As it begins to lift HFC sales freeze.

NBN Co will flip a portion of its planned HFC network into the fibre-to-the-curb footprint but it will not abandon HFC altogether.

The company has been the subject of weeks of industry rumours of a large-scale change to its rollout plans, fuelled by delays to its HFC remediation project and a long pause in updating its official map.

A change will be confirmed when NBN Co CTO Ray Owen addresses the CommsDay Summit in Sydney this morning, though it is not as far-reaching as rumoured.

NBN Co will start by flipping 440,000 premises from HFC and FTTN over to the FTTC footprint.

The number isn’t broken down, but is understood to largely consist of premises in Telstra HFC-cabled areas that do not have a lead-in (“in-fill”), or that are currently just outside a Telstra HFC network border but were intended to be added (“extension”).

The change does not affect any premises caught up in the HFC freeze at this stage, though iTnews understands some “frozen” premises could be flipped to FTTC in future.

On that front, NBN Co also said today it will begin to lift the HFC freeze - which affects about 700,000 users - from late April, though progress will be slow.

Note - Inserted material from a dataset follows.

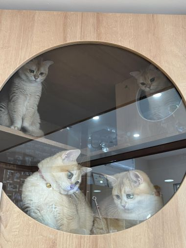 猫ちゃんたちがお互いを見つめ合い、丸い窓越しに小さな秘密を感じているようです!午後のペットショップは愛と好奇心で満ちています🐱💓 #ペットショップ #猫 #午後のひととき" pic.x.com/9LOZ8yBIcT

The network builder said it will start by re-releasing just 1000 HFC premises in Sydney and Melbourne to retailers.

It will then follow with “around 38,000 HFC premises by the end of June in select areas across Brisbane, Gold Coast, Sydney, Melbourne, Adelaide and Perth”.

Having only 39,000 of the 700,000 HFC premises unfrozen by the end of the fiscal year is likely to result in some financial restatements.

NBN Co had previously only estimated its financial hit based on the assumption everything would be back online by the end of June.

Making the remainder of the frozen HFC network serviceable will now extend through the back half of the year, based on NBN Co’s projections.

“From July onwards NBN Co expects to significantly ramp up the release of HFC premises to retailers, forecast to hit around 100,000 premises per month,” it said.

NBN Co said in late February it had completed proof-of-concepts in six service area modules for the remediation work required to raise the performance of its HFC network.

It has also continued to build out new portions of the HFC network but not released them for sale.

The timeline for how the HFC network will come back online is to be progressively added to the official NBN map.

The first map update is due around April 18, though it will contain revised dates only for about 200,000 premises that were impacted by the freeze.

The remediation work itself is said to have added about $145 in cost to each premises in the HFC footprint. The most recent cost per premises (CPP) estimate for HFC is $2403.

By contrast, the only CPP estimate ever provided for FTTC is $2900.

The HFC premises to be flipped into FTTC would have cost the company over $2900, as a new lead-in is understood to cost around $1000 extra on average.

However, cost is only one component. Last month, research by the ACMA showed that some HFC customers were left waiting weeks for NBN activation, mostly because they did not have a lead-in cable.

NBN Co is hoping that moving the rest of customers in that situation into the FTTC footprint instead will prove a smoother transition onto the national broadband network.